**Action item**:
Write out the lines of the material below exactly, beginning at the line with "KRAFTOOL 400W пистолет" and stopping after the line with "Изменения геомагнитного индекса", and leave out the pictures.

**Available data**:
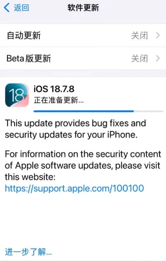 除了 iOS 26.4.2,这次苹果还同步推出了 iOS 18.7.8,两者思路一样,都是以修复为主,只是面向的设备范围不同,前者给已经在 iOS 26 系列上的机型使用,后者则主要照顾还停留在 iOS 18 的老设备,比如 iPhone XR、iPhone XS 和 iPhone XS Max,也就是说,苹果这次不是单纯给新系统打补丁,而是连无法继续升大版本的旧机型也一起兜住,避免老用户因为系统代差而暴露在同类风险里
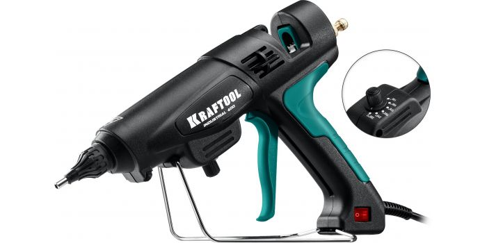KRAFTOOL 400W пистолет клеевой (термоклеящий), выход клея 50 г/мин, d=12мм, 400Вт/300Вт 06843-300-12
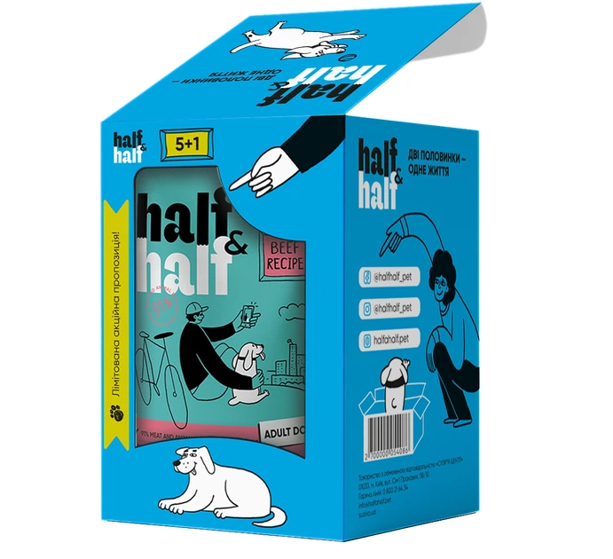 Консервований корм Half&Half Набір вологих кормів "5+1" для дорослих собак, шматочки з яловичиною в соусі 6 шт х 100 г (1111
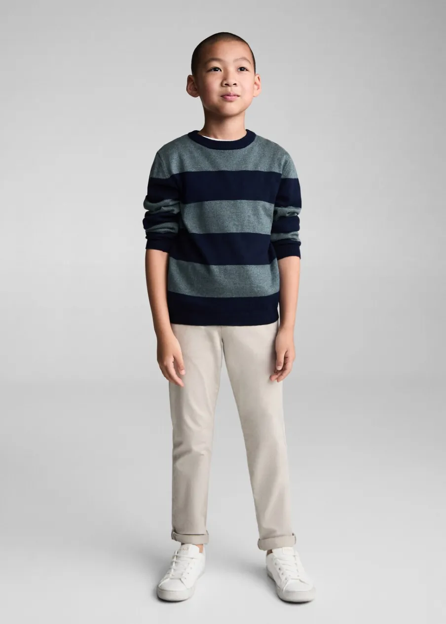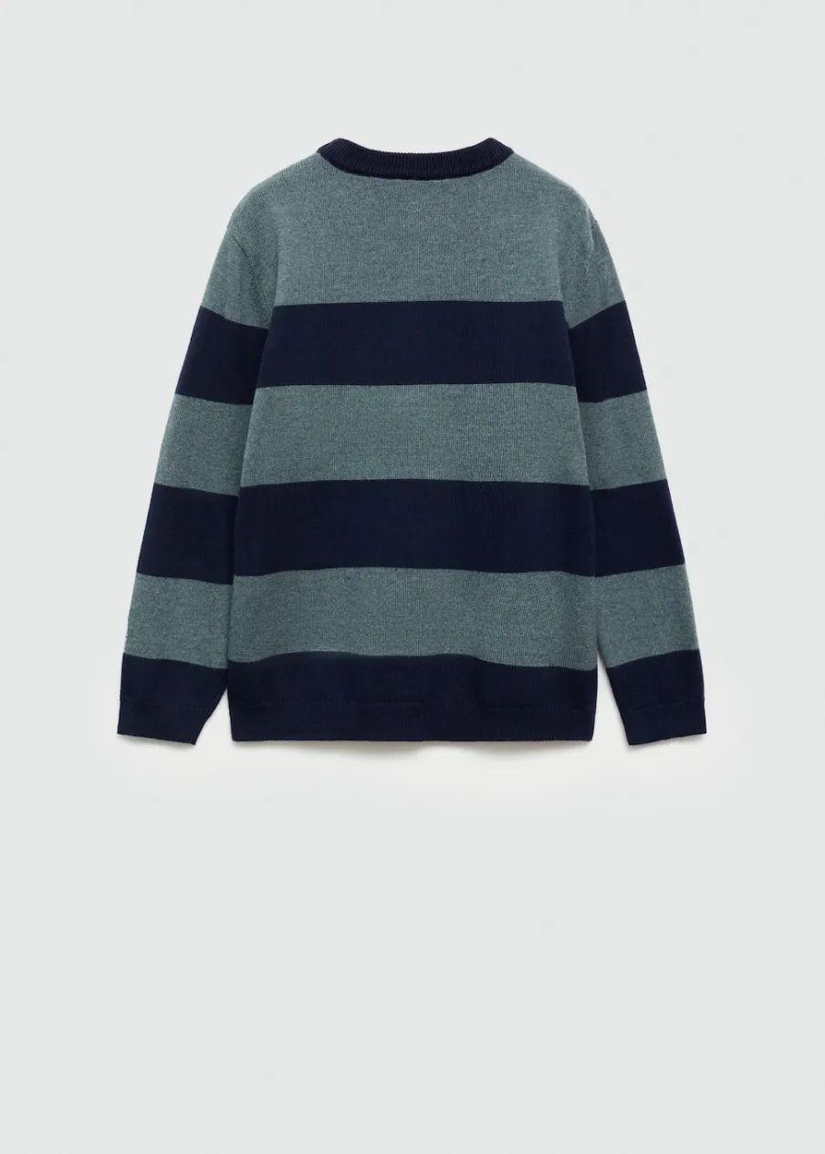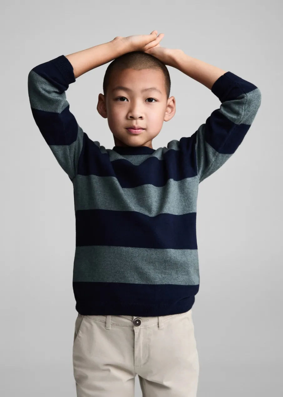 OpisTkanina z cienkiej dzianiny. Model prosty. Okrągły dekolt. Długi rękaw. Wzór w paski.
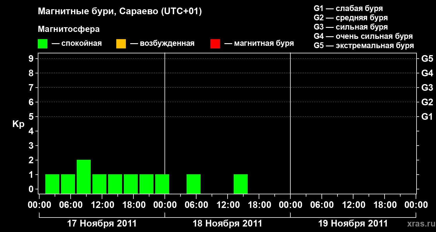 Изменения геомагнитного индекса Kp с 17 по 19 ноября 2011 года для средних широт
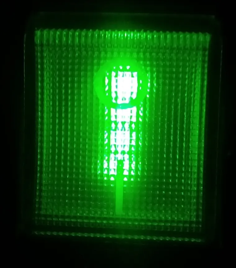 Удалив подвижную часть выключателя и разобрав его, мы наблюдаем, что индикаторная лампочка полностью почернела, хотя и сохранила свою работоспособность. Сам сетевой фильтр находится в эксплуатации полных 7 лет. Аналогичной лампы, или близкой к ней, в наличии не оказалось. Поэтому, сначала было принято решение использовать SMD светодиоды, а затем светодиоды из светодиодной лампы.
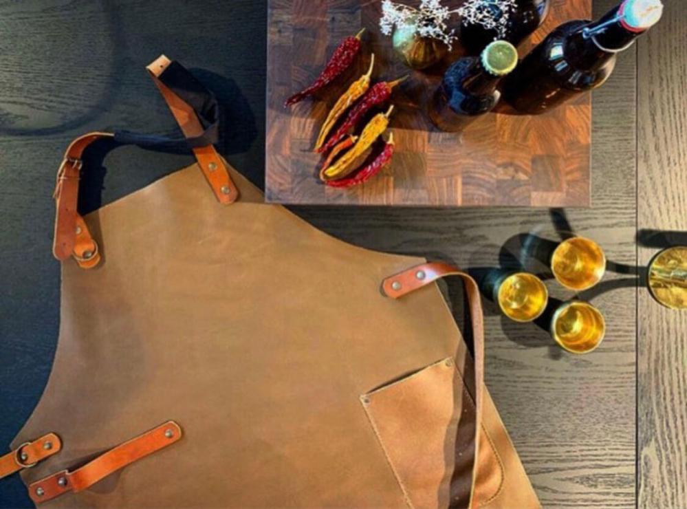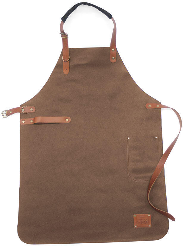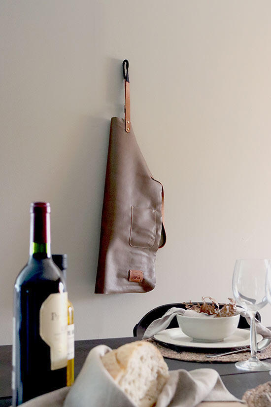 Exklusivt förkläde i mjukt läder, handgjort med praktisk ficka. Förklädet är tillverkat av koläder med justerbart midjeband av buffel-läder med mjukt tyg som nackband. Levereras i ett pappersrör, perfekt presentförpackning.
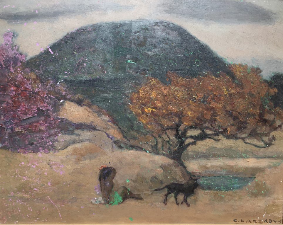 DE ARZADUN, Carmelo (escuela uruguaya, 1888-1968). Óleo sobre cartón. «Las Flores.» 36 x 45 cm. Desprendimientos en óleo.
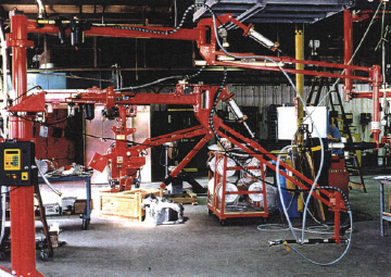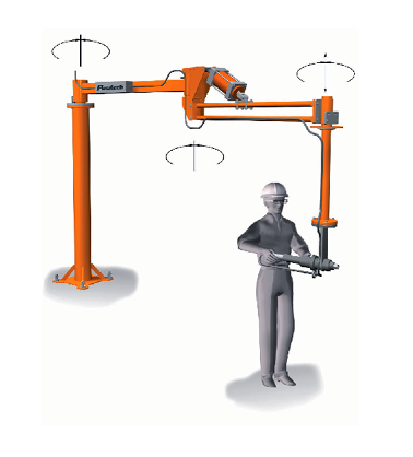 Positech’s pneumatic ReactionArm® (RA), a torque reaction arm, absorbs shock, torsional forces and impact force from power tools; therefore, reducing carpal tunnel injury and cumulative trauma disorders. This reaction arm moves up and down without pushing any buttons with very little effort and prevents any force of the power tool through the workers’ wrists, arms and upper bodies by absorbing the shock of the attached power tool. A power tool mounted on a Reaction arm can easily be moved and positioned throughout the work cell. A variety of styles, capacities and mounting options provide versatility.
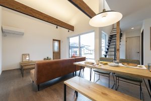木の優しさを感じる開放感抜群なカフェスタイルハウスメゾンデザイン工房リビングの梁が目を引く カフェスタイルのお家 スケルトン階段や、格子窓など お家のいろんなところにこだわりポイントがたくさん! ...
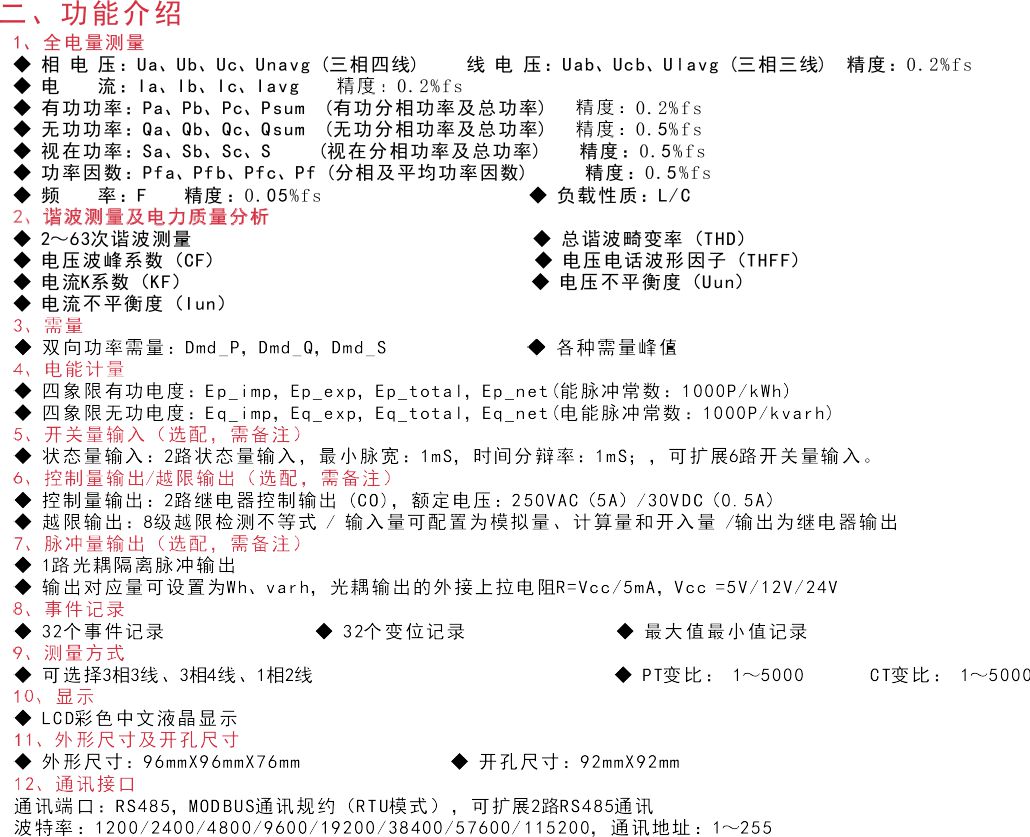 ZQ194Z-9MY電力質量分析儀采用高速高性能的ARM芯片作為處理器設計而成。集合全面的三相電量測量、顯示、四象限有功電度、四象限無功電度、電力質量分析、故障報警、數字量輸入、輸出與網絡通訊于一身。采用大屏幕、高清晰彩色中文液晶顯示,充分滿足您的視覚要求,優雅、明亮的背光顯示使您在微弱光線下亦能輕松查閱測量數據。全中文、人性化的操作方法使得用戶可以在短時間內掌握。

**Worked solution**:
KRAFTOOL 400W пистолет клеевой (термоклеящий), выход клея 50 г/мин, d=12мм, 400Вт/300Вт 06843-300-12
 Консервований корм Half&Half Набір вологих кормів "5+1" для дорослих собак, шматочки з яловичиною в соусі 6 шт х 100 г (1111
 OpisTkanina z cienkiej dzianiny. Model prosty. Okrągły dekolt. Długi rękaw. Wzór w paski.
 Изменения геомагнитного индекса Kp с 17 по 19 ноября 2011 года для средних широт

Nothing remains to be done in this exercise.